_Task to complete:_
Each entry below should be printed exactly, with every image left out.

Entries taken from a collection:
___

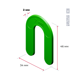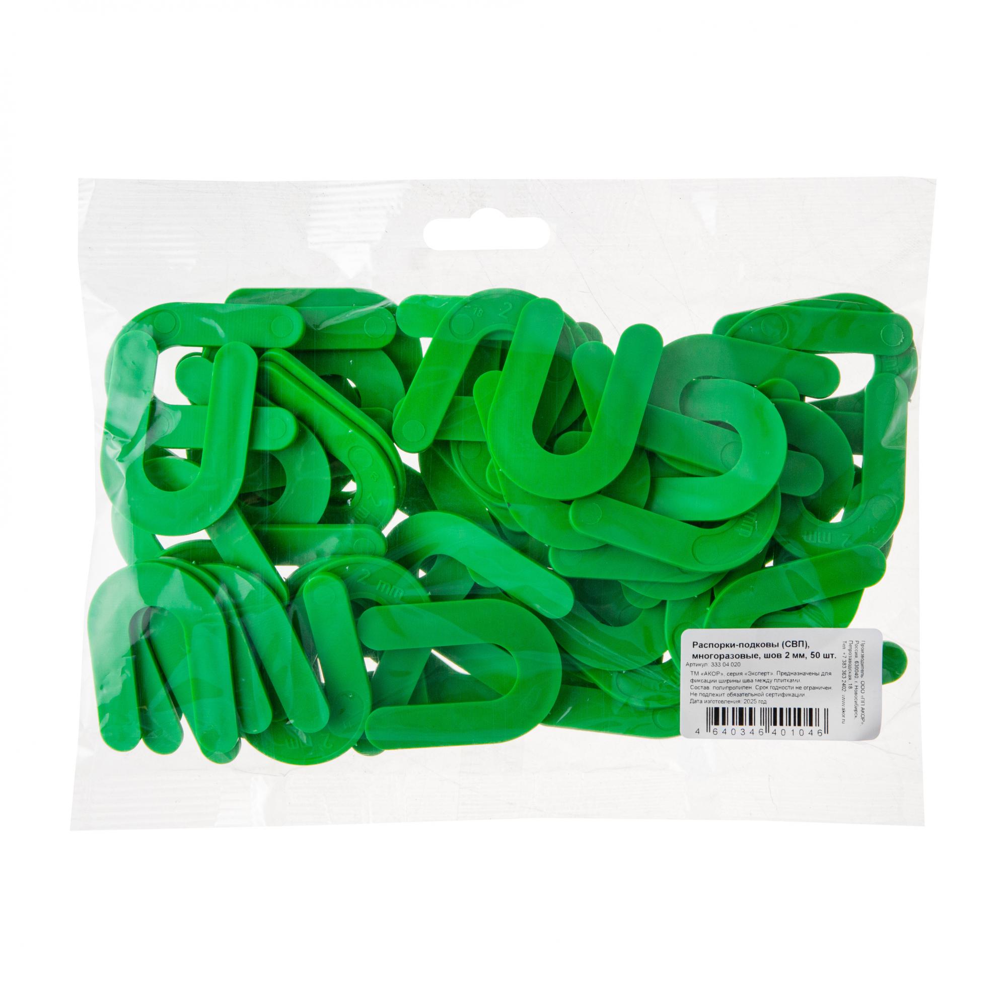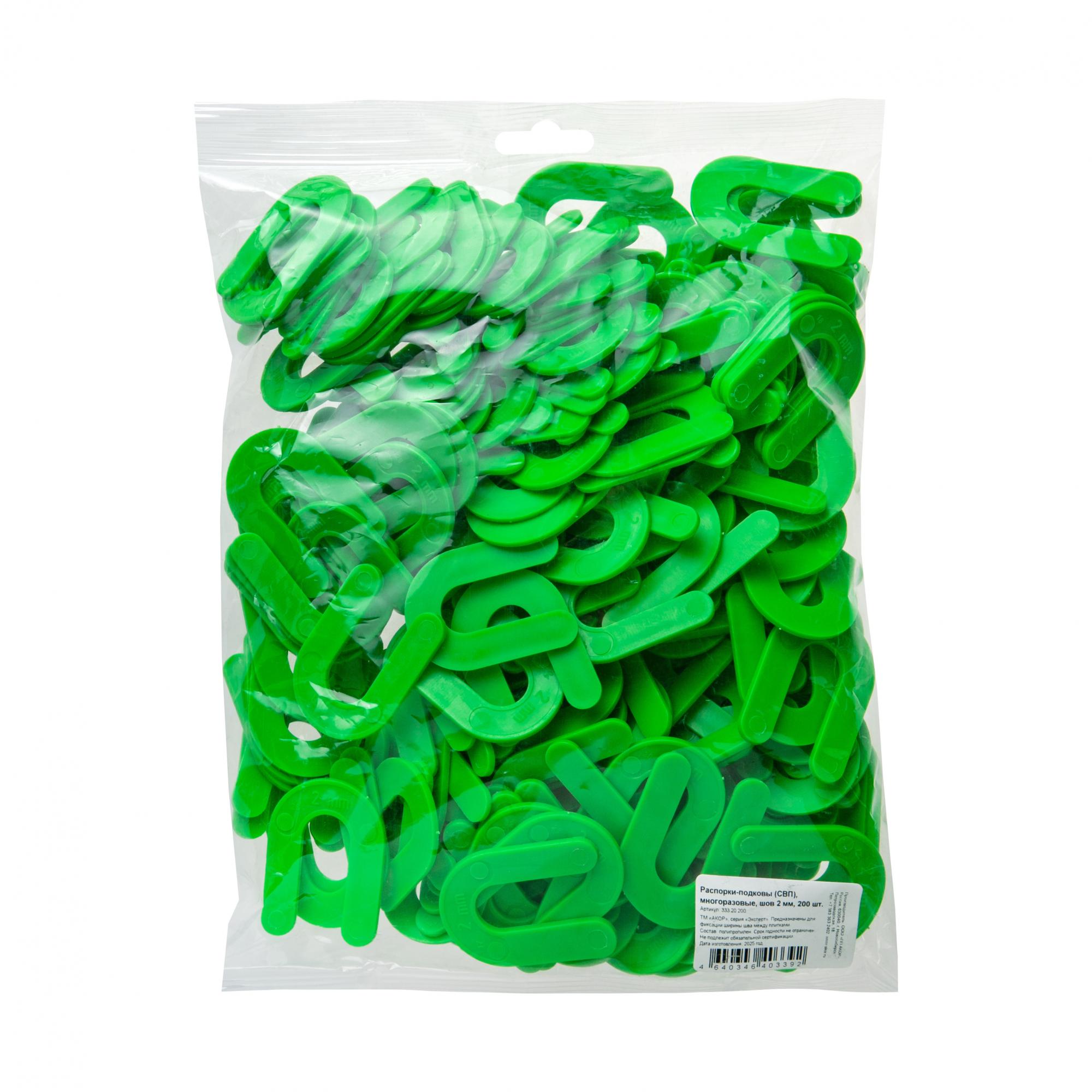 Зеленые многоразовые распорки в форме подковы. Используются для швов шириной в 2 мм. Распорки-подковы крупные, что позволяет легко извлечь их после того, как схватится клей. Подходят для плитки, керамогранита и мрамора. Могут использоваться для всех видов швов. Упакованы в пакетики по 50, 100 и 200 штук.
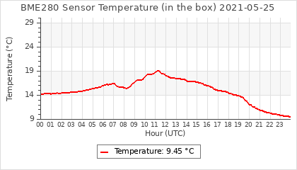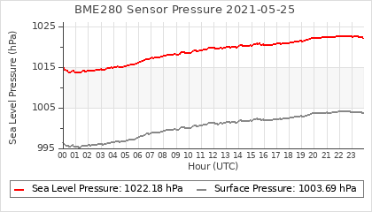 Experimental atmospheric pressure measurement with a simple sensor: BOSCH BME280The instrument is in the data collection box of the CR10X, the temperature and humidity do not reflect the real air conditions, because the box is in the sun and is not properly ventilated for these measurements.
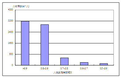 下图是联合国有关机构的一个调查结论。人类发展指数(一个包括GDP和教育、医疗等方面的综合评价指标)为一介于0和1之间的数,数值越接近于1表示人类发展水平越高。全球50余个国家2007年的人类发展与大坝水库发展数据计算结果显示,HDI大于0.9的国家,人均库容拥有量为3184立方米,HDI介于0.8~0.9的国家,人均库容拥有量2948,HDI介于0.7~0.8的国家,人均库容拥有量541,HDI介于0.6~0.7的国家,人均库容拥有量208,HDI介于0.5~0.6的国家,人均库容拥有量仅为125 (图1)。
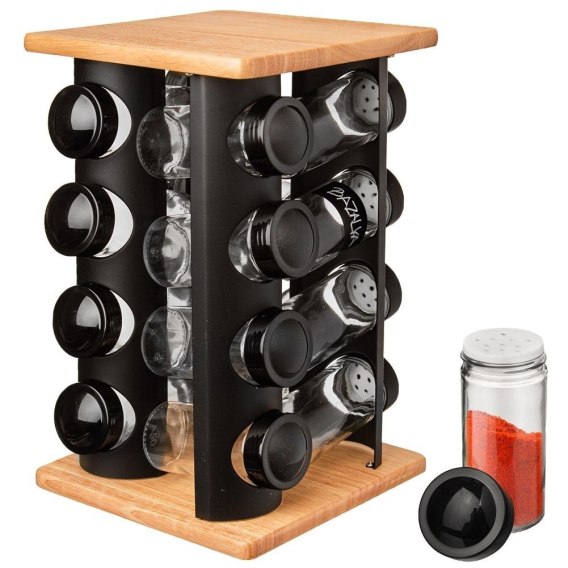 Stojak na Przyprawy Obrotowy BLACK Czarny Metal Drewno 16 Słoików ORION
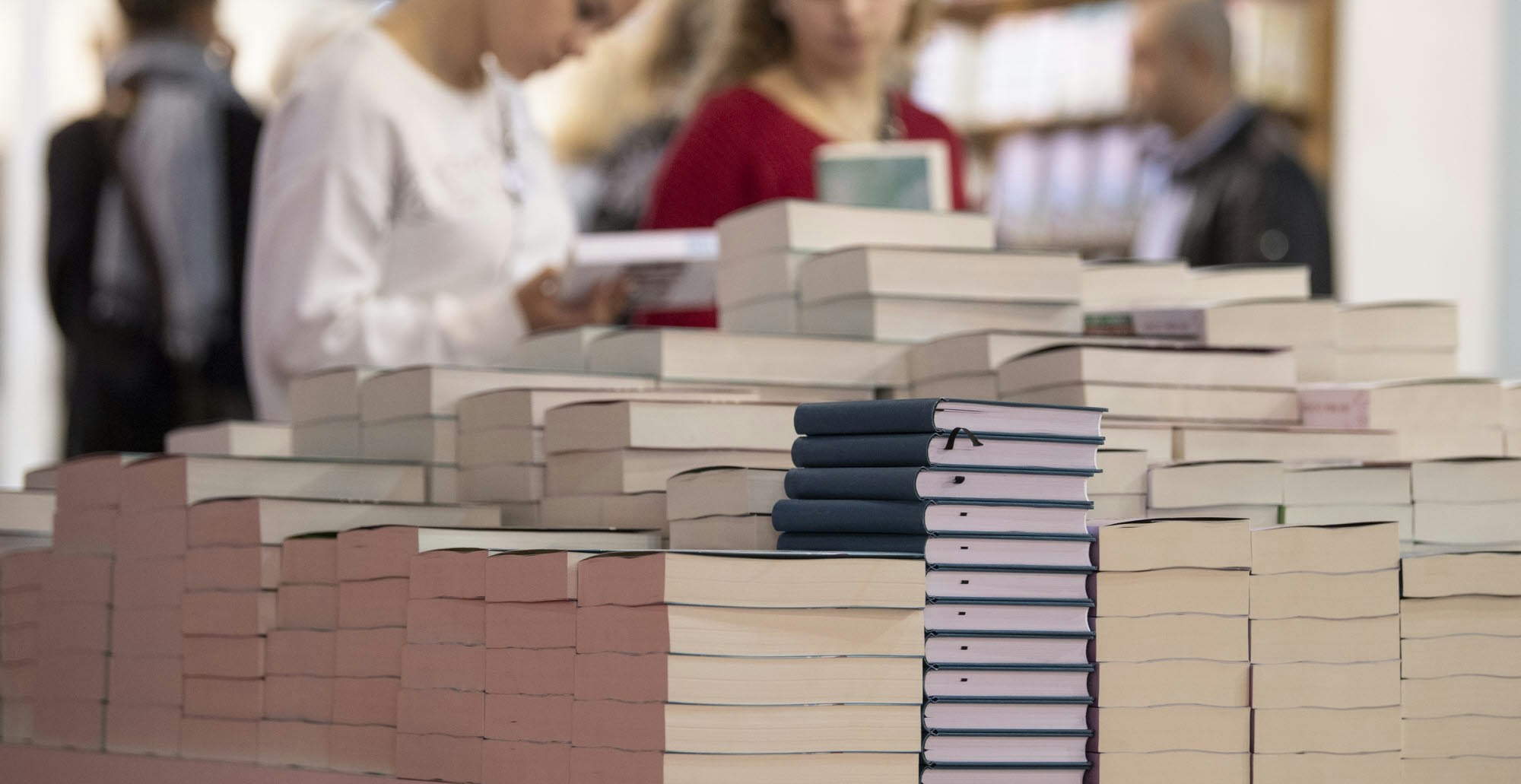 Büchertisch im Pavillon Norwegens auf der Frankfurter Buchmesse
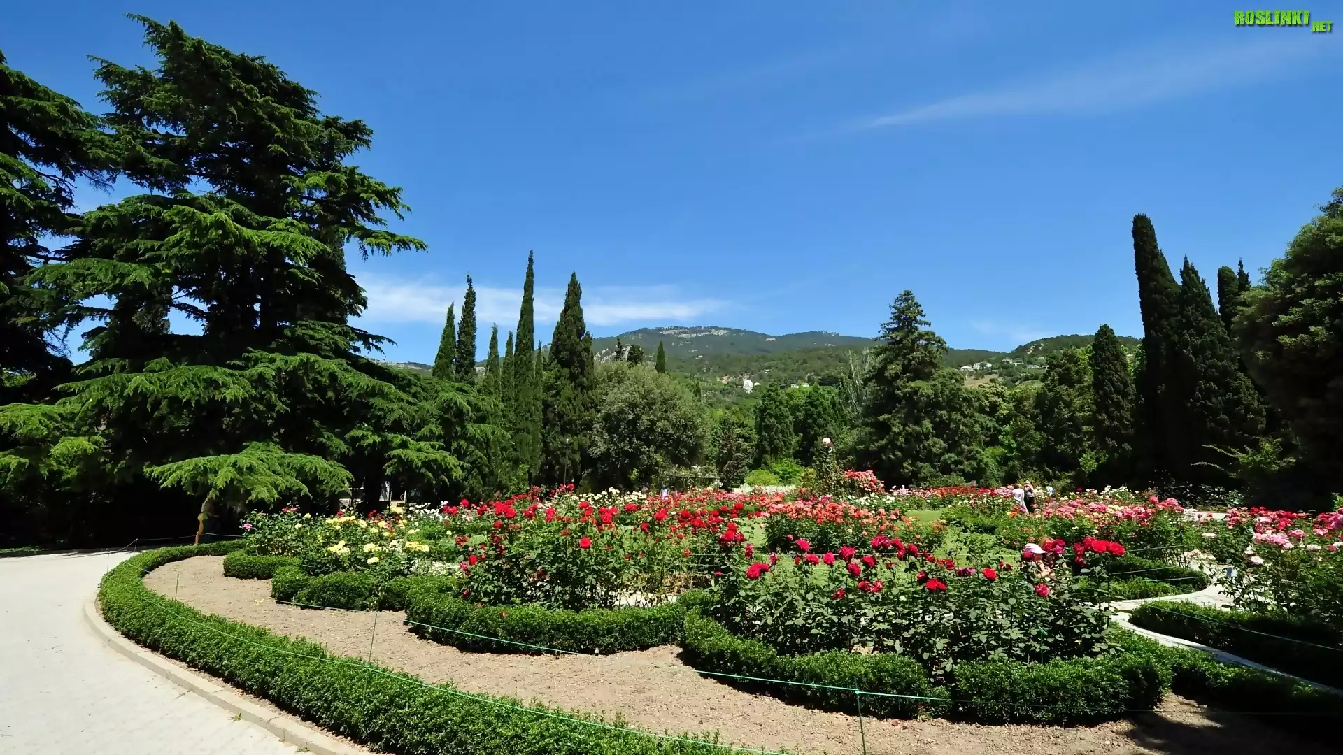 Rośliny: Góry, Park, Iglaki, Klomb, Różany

___

_Reply:_
 Зеленые многоразовые распорки в форме подковы. Используются для швов шириной в 2 мм. Распорки-подковы крупные, что позволяет легко извлечь их после того, как схватится клей. Подходят для плитки, керамогранита и мрамора. Могут использоваться для всех видов швов. Упакованы в пакетики по 50, 100 и 200 штук.
 Experimental atmospheric pressure measurement with a simple sensor: BOSCH BME280The instrument is in the data collection box of the CR10X, the temperature and humidity do not reflect the real air conditions, because the box is in the sun and is not properly ventilated for these measurements.
 下图是联合国有关机构的一个调查结论。人类发展指数(一个包括GDP和教育、医疗等方面的综合评价指标)为一介于0和1之间的数,数值越接近于1表示人类发展水平越高。全球50余个国家2007年的人类发展与大坝水库发展数据计算结果显示,HDI大于0.9的国家,人均库容拥有量为3184立方米,HDI介于0.8~0.9的国家,人均库容拥有量2948,HDI介于0.7~0.8的国家,人均库容拥有量541,HDI介于0.6~0.7的国家,人均库容拥有量208,HDI介于0.5~0.6的国家,人均库容拥有量仅为125 (图1)。
 Stojak na Przyprawy Obrotowy BLACK Czarny Metal Drewno 16 Słoików ORION
 Büchertisch im Pavillon Norwegens auf der Frankfurter Buchmesse
 Rośliny: Góry, Park, Iglaki, Klomb, Różany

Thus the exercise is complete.